Resources/Instructions

R1: Relevant files and functions used in our build process, as well as tools used to determine where and how our datasets needed to be cleaned:

  • [ ] Review 311-data/scripts/migrateOldHfDataset.py
    • Note: this script is very similar to 311-data/scripts/updateHfDataset.py, except that it allows you to pass in a year as an argument.
    • [ ] Review dlData(year): you'll notice we are drawing data from a personal repo, see resources to know where that data comes from
    • [ ] Review hfClean(year): this method has two parts:
      1. it opens a local file (e.g. 2024.csv), creates a new output file (e.g. 2024-fixed.csv), and does a string replacement on the input before writing to the output file
      2. it opens a connection to DuckDb, creates a temporary table with the data from our fixed csv, then converts it to Parquet
    • Skip hfUpload(year), this won't be needed for the purposes of this ticket
    • Skip process_data(...), this is our main control flow for the script, which is determined by command line arguments
  • [ ] review 311-data/scripts/csv_debug_tools
    • [ ] review check_column_count.py, read documentation at the top of the file
    • [ ] review inspect_csv.py, read documentation at the top of the file

R2: Data Sources

ryanfchase avatar Oct 17 '24 21:10 ryanfchase

This ticket is ready to be picked up

ryanfchase avatar Oct 19 '24 17:10 ryanfchase

Hi @mru-hub ,

Please leave a comment with the following items:

  • updated ETA
  • progress from the last week (if applicable)
  • availability for communications during the week

ryanfchase avatar Feb 01 '25 19:02 ryanfchase

Hi @mru-hub,

We are checking in since we haven't heard back since our last request for updates. Are you still working on this? If you need to put it down or ask for clarification, that's OK. Otherwise, please provide the following:

  • updated ETA
  • progress from the last week (if applicable)
  • availability for communications during the week

ryanfchase avatar Feb 09 '25 03:02 ryanfchase

@mru-hub Please provide update

Instructions
  1. Progress: "What is the current status of your project? What have you completed and what is left to do?"
  2. Blockers: "Difficulties or errors encountered."
  3. Availability: "How much time will you have this week to work on this issue?"
  4. ETA: "When do you expect this issue to be completed?"
  5. Pictures (if necessary): "Add any pictures that will help illustrate what you are working on."
  1. Progress:
  2. Blockers:
  3. Availability:
  4. ETA:
  5. Pictures (if necessary):

ExperimentsInHonesty avatar Feb 14 '25 17:02 ExperimentsInHonesty

Hi @ryanfchase I have few questions

  1. Should we use LA City's open data portal or Edwin's dataset on Hugging Face? It looks like Edwin modified the dataset before saving it—do we have a preference or any historical reasoning for choosing one over the other?
  2. Should we clean data from 2015–2019 or 2015–2020? The action items mention cleaning 2016–2019, but the steps outline reviewing data from 2015 through 2020. Can we clarify the exact range we need to process?
  3. For the data cleaning process, are we only handling string replacement to ensure compatibility with DuckDB, as per script 'migrateOldHfDataset.py', or do we also need to perform full data cleaning steps, such as removing duplicates, null values, and unnecessary columns? Can we clarify the exact scope of cleaning required?
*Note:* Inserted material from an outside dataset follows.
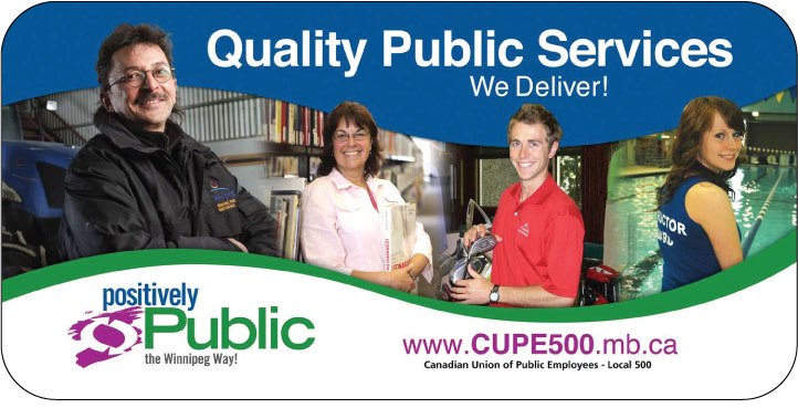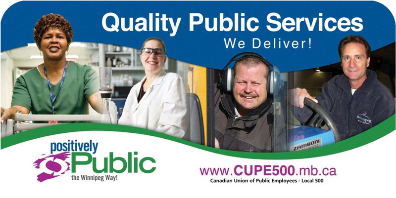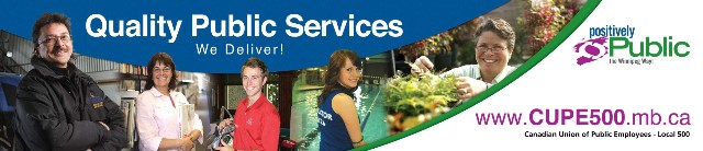 Local 500 has launched a multi-faceted four year campaign (with public information, direct action, lobbying of politicians), to profile city workers and expose the services they provide. We want Winnipeg to know that public services should be delivered by dedicated public employees who are acting in the best interests of the entire public. Part of our message to the public, is that strong public services create the quality of life we deserve in our city.

mru-hub avatar Feb 15 '25 18:02 mru-hub

Missing Info from the ticket

  • "For each year (2015 through 2020), do the following..." this needs to be "2015 through 2019"

ryanfchase avatar Feb 15 '25 18:02 ryanfchase

Answers:

  1. Use Open Data portal
  2. Check data 2015 through 2019
  3. We do not need to perform full data cleaning steps (removing dups, nulls, unnecessary columns)

ryanfchase avatar Feb 15 '25 19:02 ryanfchase

Here’s a comparison of columns between 2015-2019 (LA open data) and 2024

Comparison of columns between 2015 and 2024: Total columns in 2015: 33 Total columns in 2024: 34 Columns missing in 2015 : {'CreatedByUserOrganization'} Additional columns in 2015 : None

Comparison of columns between 2016 and 2024: Total columns in 2016: 33 Total columns in 2024: 34 Columns missing in 2016 : {'CreatedByUserOrganization'} Additional columns in 2016 : None

Comparison of columns between 2017 and 2024: Total columns in 2017: 33 Total columns in 2024: 34 Columns missing in 2017 : {'CreatedByUserOrganization'} Additional columns in 2017 : None

Comparison of columns between 2018 and 2024: Total columns in 2018: 33 Total columns in 2024: 34 Columns missing in 2018 : {'CreatedByUserOrganization'} Additional columns in 2018 : None

Comparison of columns between 2019 and 2024: Total columns in 2019: 34 Total columns in 2024: 34 Columns missing in 2019 : None Additional columns in 2019 : None

mru-hub avatar Feb 15 '25 19:02 mru-hub

Progress: The year-wise data comparison is completed and updated in the comments as per the instructions. The next step is to finalize the data cleaning approach.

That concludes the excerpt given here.